» Task description
Everything from the line with "22日,@华晨宇yu@张碧晨" to the last line of the listing must be retyped exactly, both ends included, with the pictures dropped.

» Supplied material
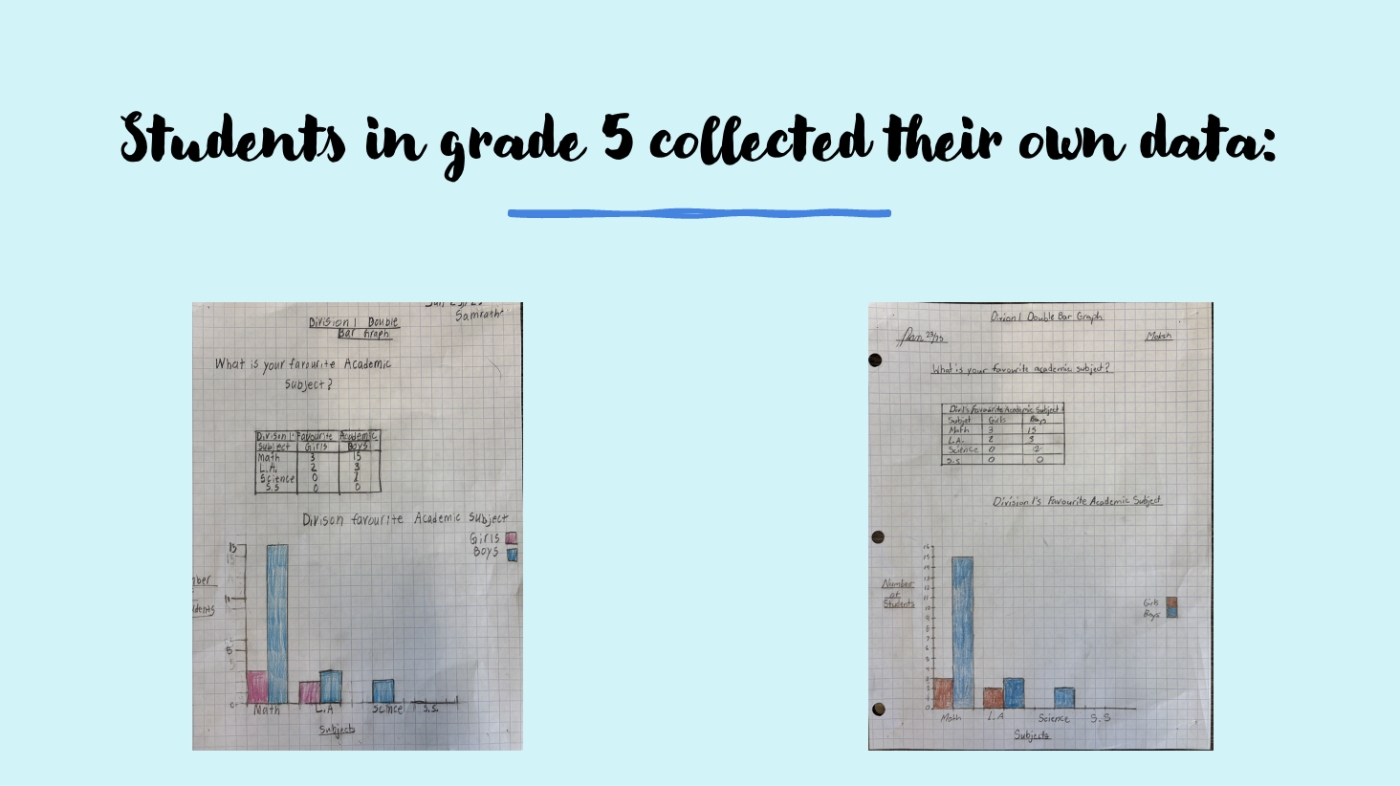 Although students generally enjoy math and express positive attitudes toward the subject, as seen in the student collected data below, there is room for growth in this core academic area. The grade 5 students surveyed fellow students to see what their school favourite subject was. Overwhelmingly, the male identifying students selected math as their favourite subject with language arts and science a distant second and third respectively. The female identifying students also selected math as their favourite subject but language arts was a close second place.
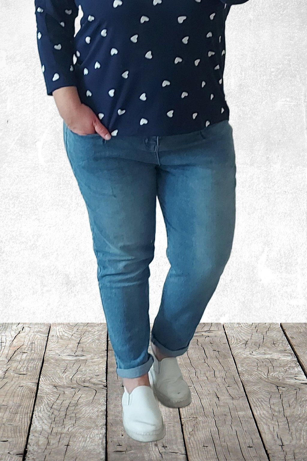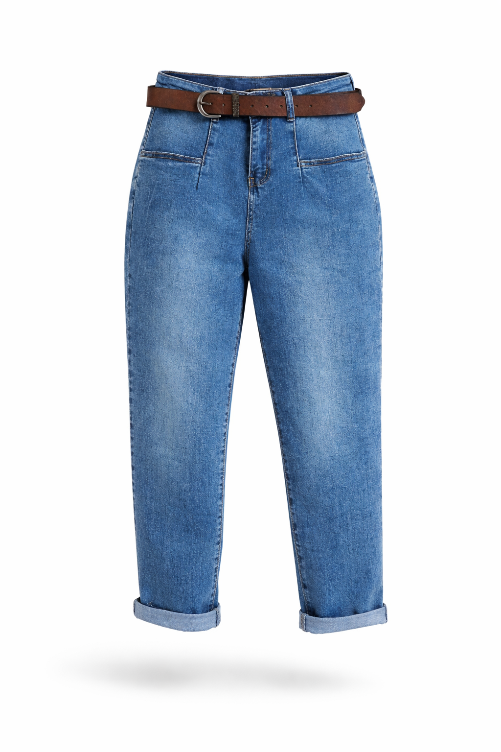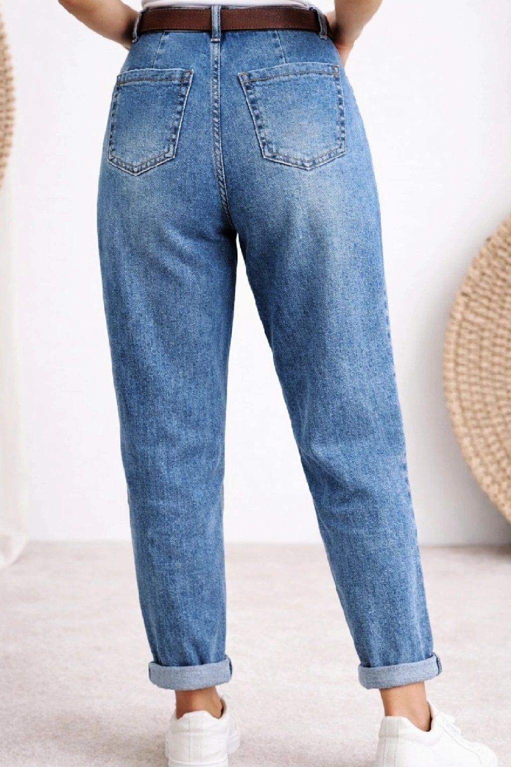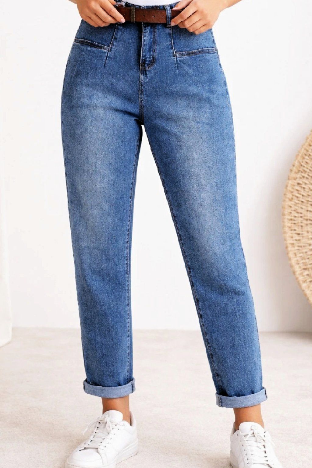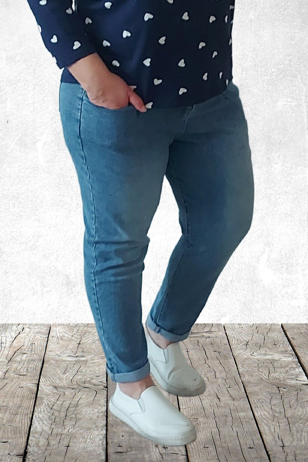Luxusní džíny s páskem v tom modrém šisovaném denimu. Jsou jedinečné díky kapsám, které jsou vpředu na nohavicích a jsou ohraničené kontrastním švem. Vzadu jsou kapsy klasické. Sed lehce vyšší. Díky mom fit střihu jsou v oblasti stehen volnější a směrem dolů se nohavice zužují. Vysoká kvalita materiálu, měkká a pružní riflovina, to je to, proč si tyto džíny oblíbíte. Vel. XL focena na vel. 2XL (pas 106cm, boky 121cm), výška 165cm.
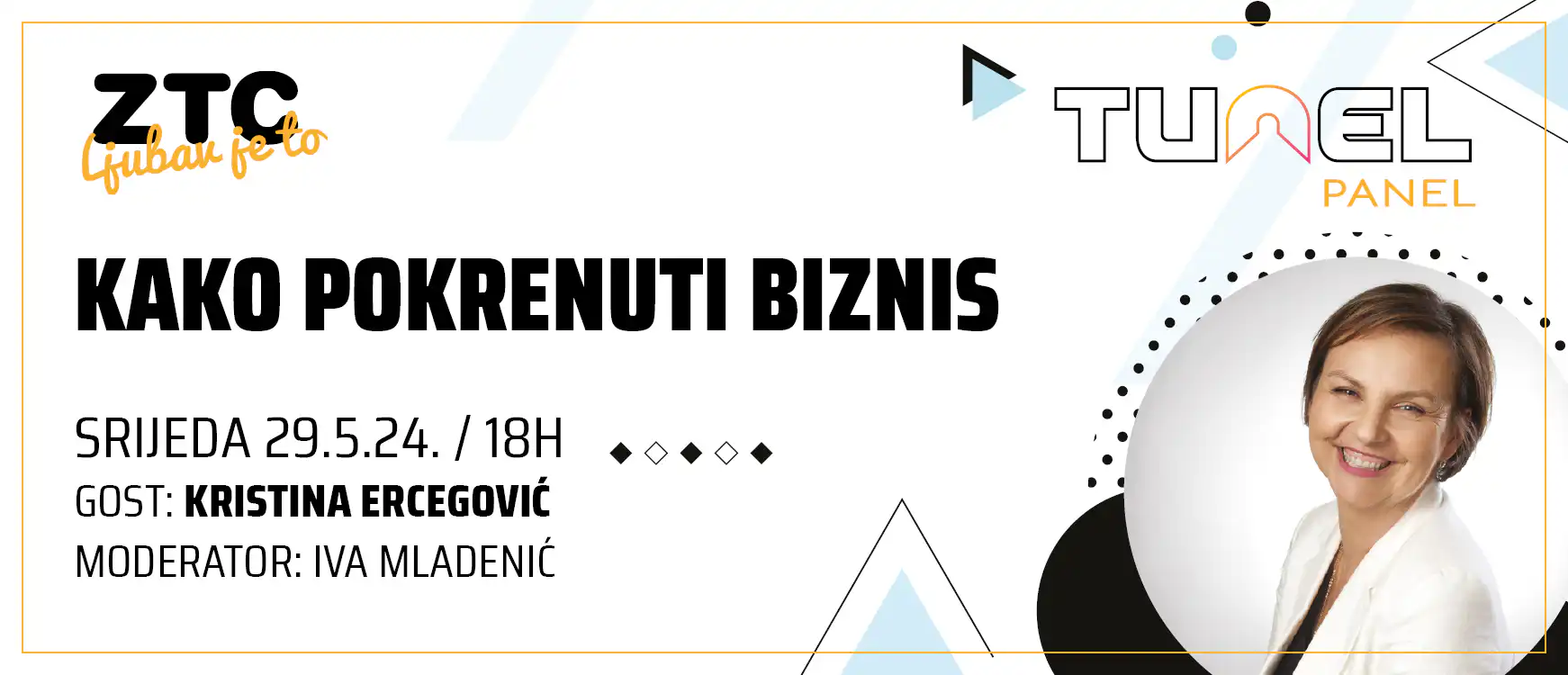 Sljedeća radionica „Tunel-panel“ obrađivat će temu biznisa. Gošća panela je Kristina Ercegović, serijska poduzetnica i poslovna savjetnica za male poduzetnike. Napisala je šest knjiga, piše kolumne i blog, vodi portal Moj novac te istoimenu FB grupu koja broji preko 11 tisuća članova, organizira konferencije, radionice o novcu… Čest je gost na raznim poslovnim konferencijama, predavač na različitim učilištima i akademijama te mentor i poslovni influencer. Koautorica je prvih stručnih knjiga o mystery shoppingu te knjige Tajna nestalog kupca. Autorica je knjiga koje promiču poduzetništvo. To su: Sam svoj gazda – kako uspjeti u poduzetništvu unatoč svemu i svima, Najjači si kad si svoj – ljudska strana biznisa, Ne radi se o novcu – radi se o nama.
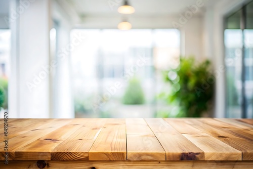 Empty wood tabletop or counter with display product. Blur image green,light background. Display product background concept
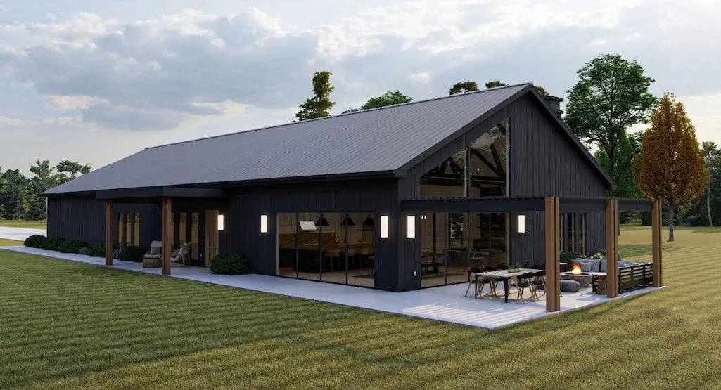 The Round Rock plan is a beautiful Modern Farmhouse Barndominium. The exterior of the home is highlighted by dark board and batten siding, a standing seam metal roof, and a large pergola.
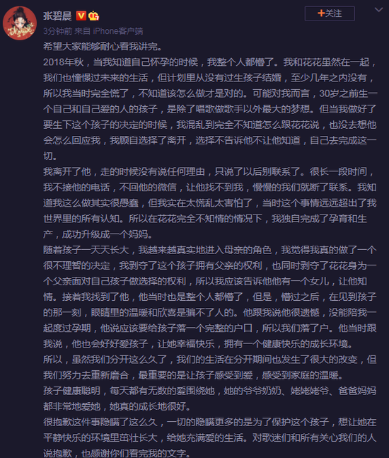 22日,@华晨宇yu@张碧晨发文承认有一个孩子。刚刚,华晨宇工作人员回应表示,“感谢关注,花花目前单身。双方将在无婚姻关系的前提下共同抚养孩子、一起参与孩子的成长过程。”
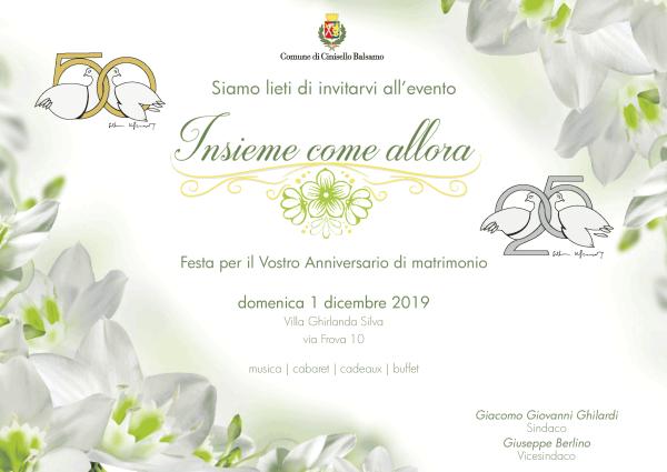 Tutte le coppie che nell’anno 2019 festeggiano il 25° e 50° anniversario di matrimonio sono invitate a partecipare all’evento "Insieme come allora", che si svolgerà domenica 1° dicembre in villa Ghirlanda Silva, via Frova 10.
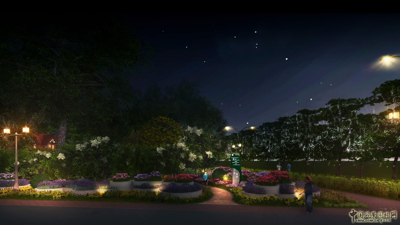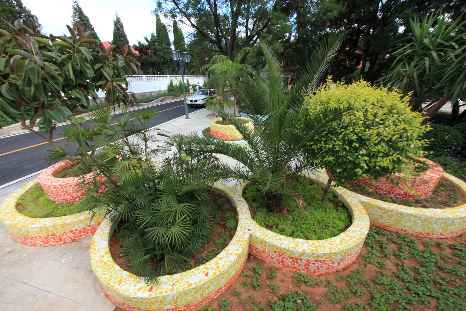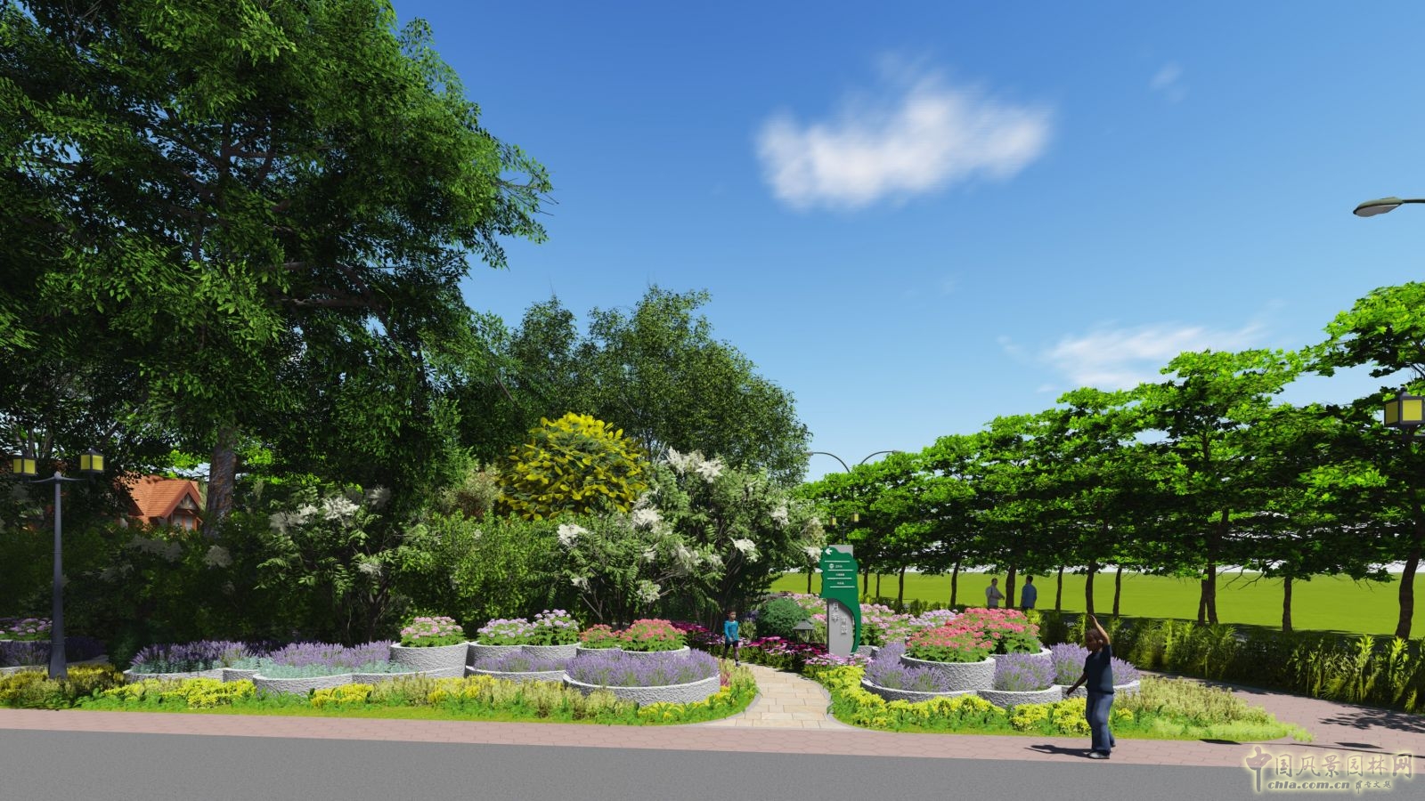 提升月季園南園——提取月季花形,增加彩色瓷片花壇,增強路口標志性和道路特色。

» Task response
 22日,@华晨宇yu@张碧晨发文承认有一个孩子。刚刚,华晨宇工作人员回应表示,“感谢关注,花花目前单身。双方将在无婚姻关系的前提下共同抚养孩子、一起参与孩子的成长过程。”
 Tutte le coppie che nell’anno 2019 festeggiano il 25° e 50° anniversario di matrimonio sono invitate a partecipare all’evento "Insieme come allora", che si svolgerà domenica 1° dicembre in villa Ghirlanda Silva, via Frova 10.
 提升月季園南園——提取月季花形,增加彩色瓷片花壇,增強路口標志性和道路特色。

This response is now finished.